Pricing coverage is uneven: Aquila 2 34B has no token price sourced yet and Llama 2 7B has $0.2/1M input tokens. Provider availability is 0 tracked routes versus 1. Treat unknown pricing as an integration gap, then verify the route you will actually call before estimating production spend.
Choose Aquila 2 34B when provider fit are central to the workload. Choose Llama 2 7B when provider fit and broader provider choice are more important. For production, rerun your own prompts through the exact provider, region, and tool stack you plan to ship. This keeps the decision grounded in measurable tradeoffs instead of brand-level assumptions. It also helps separate model capability from provider packaging, which can change cost and latency. For teams standardizing a stack, that distinction is often the difference between a benchmark win and a reliable deployment.
FAQ
Is Aquila 2 34B or Llama 2 7B open source?
Aquila 2 34B is listed under Unknown. Llama 2 7B is listed under Open Source. License labels affect whether you can self-host, redistribute weights, or rely only on hosted APIs, so confirm the upstream license before deployment.
Where can I run Aquila 2 34B and Llama 2 7B?
Aquila 2 34B is available on the tracked providers still being sourced. Llama 2 7B is available on Fireworks AI. Provider coverage can affect latency, region availability, compliance posture, and fallback options.
When should I pick Aquila 2 34B over Llama 2 7B?

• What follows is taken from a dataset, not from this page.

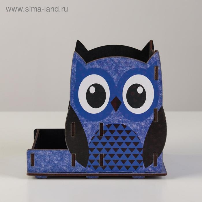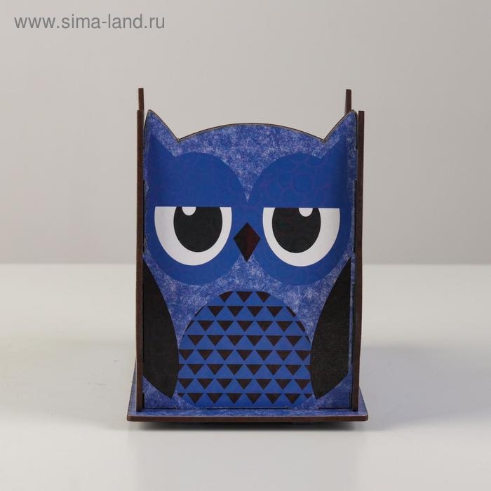 Подставка для канцелярии деревянная "Совушка, подмигивает", с принтом, синяя

Aquila 2 34B is safer overall; choose Llama 2 7B when provider fit matters. If your workload also depends on provider fit, start with Aquila 2 34B; if it depends on provider fit, run the same evaluation with Llama 2 7B.
What is the main difference between Aquila 2 34B and Llama 2 7B?
Aquila 2 34B and Llama 2 7B differ most on context, provider coverage, capabilities, or pricing depending on the data currently sourced. Use the specs table first, then validate the model behavior with your own prompts.
Continue comparing
Last reviewed: 2026-04-19. Data sourced from public model cards and provider documentation.